PIF can generate a pro-tolerance milieu by enhancing the expression of HLA molecules and by amplifying endogenous progesterone activity. A Fast-Track clinical trial for autoimmune disease has been satisfactorily completed. The acquired data warrants PIF use for the treatment of early pregnancy disorders.
背景/目的:成功怀孕需要母体对半同种异体/同种异体胚胎产生强制性耐受性,这涉及胚胎衍生信号。着床前因子(PIF)是一种由存活胚胎分泌的新型肽,其表达水平与胚胎发育相关,在循环中早期检测到PIF与良好的妊娠结局相关。PIF可增强子宫内膜容受性以促进胚胎着床。通过p53途径,它可增加滋养层细胞侵袭,提高细胞存活率/免疫特权。在免疫未致敏的小鼠模型中,PIF还可减少自发性和脂多糖诱导的胎儿死亡。我们研究了PIF对人白细胞抗原(HLA-G、-E、-F和-C)基因表达的影响以及PIF对JEG-3绒毛膜癌细胞局部孕酮活性的影响。
使用单克隆抗体、流式细胞术和蛋白质印迹法检测PIF和孕酮(P4)对JEG-3细胞表面和细胞内HLA分子的影响。通过酶联免疫吸附测定法测定PIF和白细胞介素17对P4和细胞因子分泌的影响。使用二维凝胶染色,随后进行斑点分析、质谱分析和生物信息学分析,研究PIF和P4对JEG-3细胞蛋白质组的影响。
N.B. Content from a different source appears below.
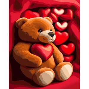 Картина за номерами Strateg ПРЕМІУМ Ведмежа з сердечками розміром 40х50 см (GS965)
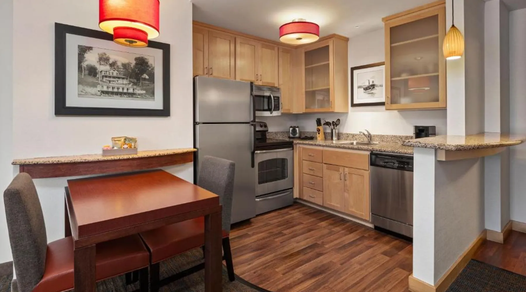 Comfortable Accommodations: Residence Inn Minneapolis Plymouth in Plymouth offers family rooms with private bathrooms, kitchen facilities, and modern amenities. Each room includes air-conditioning, a work desk, and free WiFi. Leisure Facilities: Guests can enjoy a saltwater swimming pool, indoor pool, fitness center, and a beautiful garden. Additional amenities include a lounge, coffee shop, and outdoor seating areas. Convenient Location: Located 19 mi from Minneapolis-Saint Paul International Airport, the hotel is less than 0.6 mi from Plymouth Playhouse. Nearby attractions include Ridgedale Shopping Center-N Door (3.7 mi) and Minneapolis Sculpture Garden (9.9 mi). Guest Services: The hotel provides private check-in and check-out, a 24-hour front desk, and paid on-site parking. Additional services include a minimarket, business area, and luggage storage. Featuring a fully-equipped kitchen with a dining table, this studio also includes a living area with flat-screen TV and in-room movies and video games.

在细胞滋养层JEG-3细胞中,PIF以剂量和时间依赖性方式增加HLA-G、HLA-F、HLA-E和HLA-C的细胞内表达以及HLA-G、HLA-E和HLA-C的表面表达。对于HLA-E、-F,蛋白质印迹法也证实了上述结果。蛋白质组分析证实HLA-G、促耐受性叉头框蛋白3阳性调节性T细胞(Tregs)、凝血因子和补体调节因子增加。相反,PIF可减少PRDX2和热休克蛋白70以消除氧化应激和蛋白质错误折叠。PIF增强局部孕酮活性,增加类固醇分泌和受体蛋白。它还促进Th1/Th2细胞因子(白细胞介素10、白细胞介素1β、白细胞介素8、粒细胞巨噬细胞集落刺激因子和转化生长因子β1)的分泌,从而改善母体信号传导。
PIF可通过增强HLA分子的表达和放大内源性孕酮活性来产生促耐受性环境。一项针对自身免疫性疾病的快速通道临床试验已圆满完成。所获得的数据证明PIF可用于治疗早期妊娠疾病。